When I was admin on a leading uncensored media site I monitored members’ behaviour and edited content of the most horrific kind you could ever witness. Relentless comments were fired between them like a gattling gun. The only people who took offence and reported them were those who dangerously took offence on other people’s behalfs. This became a constant nuisance for the admin. I dealt with endless reported posts from users stating he/she said this and that but rarely did we get ones from the actual people involved. More often than not, no action was taken as nothing in the extensive rules was breached and the do-gooders were warned about wasting valuable time. There was a strong encouragement of freedom of speech (unless content was absolutely illegal according to the law). If people hit report because they were personally affected, we suggested they simply ignore, sort it out privately or in cases beyond reconciliation, hit block. If they openly annihilated each other, their posts were removed and they received one of a three-and-out warning. A website like that was bursting at the seams with brutal comments but it was all dependent on multiple social factors if offence was taken or not.

Humour is subjective. Not everyone gets offended. Banter is extremely variable and, well, I guess people are wonderfully strange. Don’t stick your oar in unless what you hear is 100% about you. Leave others to take offence if they choose to do so. People love to slaughter each other in jest and it certainly can sound terribly abusive to an outsider listening in.

Just enjoy life, enjoy each others’ company, your particular brand of humour. Life’s too precious to seek out and destroy.

 

 

 

Sharon Lawson

sharonunfiltered

 

 

 

© Copyright: Sharon Lawson™

 

 

2 Comments

  1. “It kept us laughing as we carried out repetitive gruelling physical labour.”

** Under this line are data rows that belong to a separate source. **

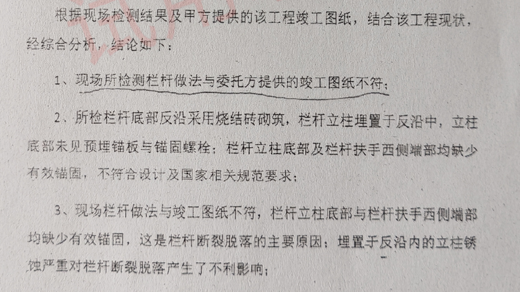 熊杰提供给新京报记者的一份鉴定报告显示,断裂的栏杆并未按照竣工图纸施工,不符合国家相关规范要求。他认为,施工、监理、校方等单位的主要责任人员都应对此担责。
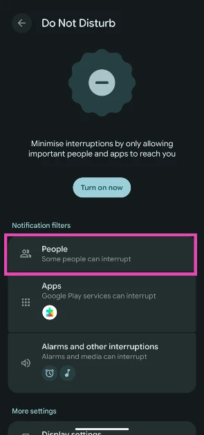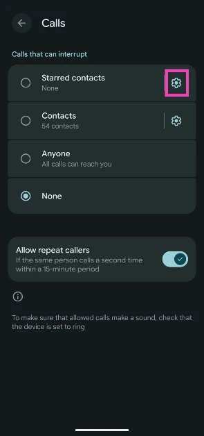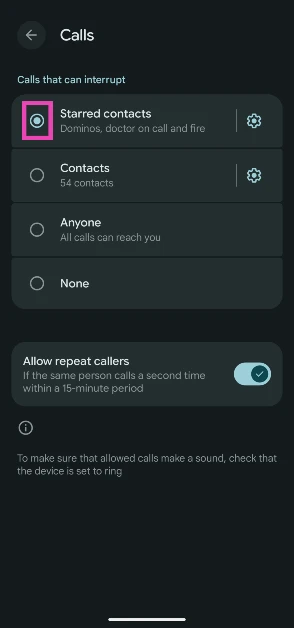 DNDホワイトリストに誰かを追加した場合、彼らの呼び出しはフィルターを通過することが許可されます。さらに、誰かが15分以内に2回電話した場合、彼らの電話もあなたに届きます。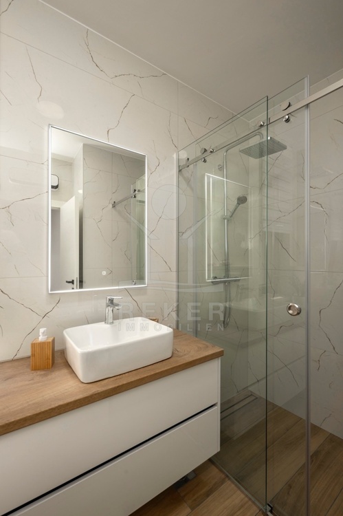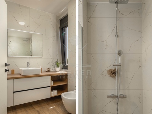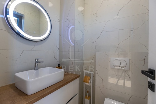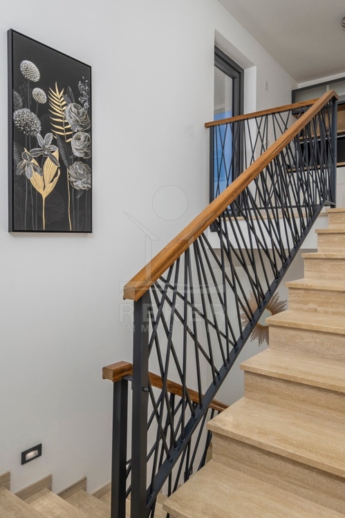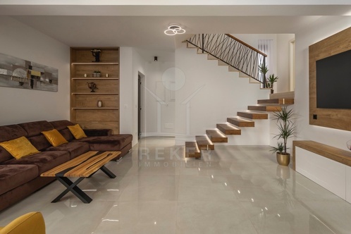 Die Villa erstreckt sich über ein wunderschönes Grundstück von 466 m² und bietet großzügige 386 m² Wohnfläche. Umgeben von einer stilvollen Steinmauer und einem modernen Zaun, sorgt sie für eine Privatsphäre. Bei der Ausstattung wurde auf höchste Qualität geachtet: Die Bodenbeläge aus Fliesen und Laminat, PVC-Fenster mit Rollläden und Moskitonetzen sowie die elektrische Fußbodenheizung im Wohnzimmer, Fitnessraum und Badezimmern bieten einen hohen Wohnkomfort. Zusätzlich sind Klimaanlagen in den Wohnräumen und im Fitnessraum installiert. Auch die Möglichkeit, einen Holzofen oder Kamin zu installieren, sorgt für ein behagliches Ambiente.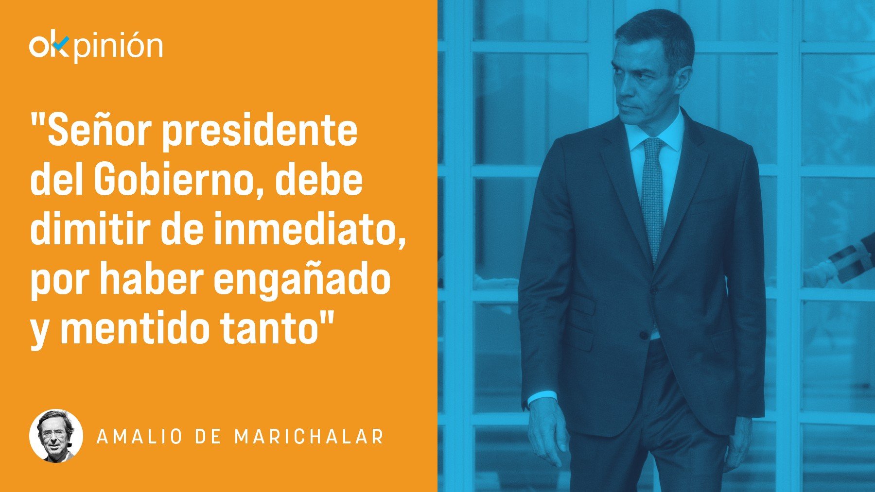 Señor presidente del Gobierno, debe dimitir de inmediato, por pedir a los españoles que pidiéramos perdón al fiscal general , por no haber pruebas en su teléfono, y hacernos creer que en su teléfono la Guardia Civil no había encontrado nada, cuando ello significaba el borrado evidente de pruebas.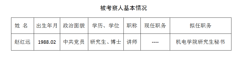 根据工作需要,91猫先生 党委将对赵红远同志进行任职考察,考察时间为2021年9月3日—9月5日,现进行考察预告。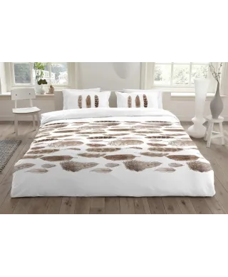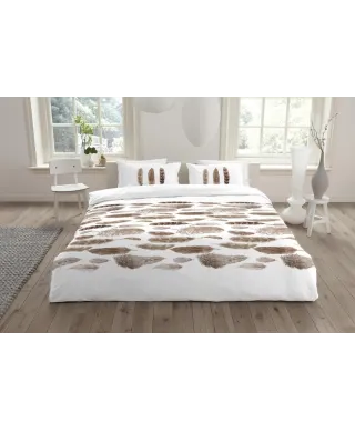 Jasna, utrzymana w biało-brązowej tonacji kolorystyka stanowi tło dla fantazyjnego wzoru, złożonego z różnej wielkości ptasich piór. Poduszki są zadrukowane z obu stron, jedna strona poszwy na kołdrę w jednolitym białym kolorze.

    Hear, hear. Such a glorious piece, Mouse. I learned all about sense of humour from my father. Even though he suffered from Multiple Sclerosis, he still joked about his condition. And I remember him saying to me “son, if you can’t laugh at yourself, then the world’s a sorry place”. Humour is ultimately subjective, but it’s great when you can laugh with friends without worrying about offending. Not only is this a wonderfully entertaining piece, but it also gives honest insight into who you are and your roots. Spendid.

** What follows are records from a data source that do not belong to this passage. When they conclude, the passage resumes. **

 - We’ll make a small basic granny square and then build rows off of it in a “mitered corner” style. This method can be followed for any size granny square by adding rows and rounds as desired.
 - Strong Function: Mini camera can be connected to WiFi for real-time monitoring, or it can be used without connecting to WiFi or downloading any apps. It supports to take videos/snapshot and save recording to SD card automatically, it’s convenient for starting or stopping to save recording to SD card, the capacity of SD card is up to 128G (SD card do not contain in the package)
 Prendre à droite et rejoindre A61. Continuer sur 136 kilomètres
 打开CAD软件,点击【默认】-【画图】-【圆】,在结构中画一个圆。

  2. Thank you so much dearest friend and brother from the same test tube. Your dad is someone I would have loved to have known, had a cuppa with and both laughed at ourselves then probably each other. Then both of us at you, haha!!
    I wrote this whilst sat on a favourite bench outside in response to observations of strange people. Social justification for who I am but at the same time, a fun subject to explore and recall my roots.
    Three cheers to friends and British humour!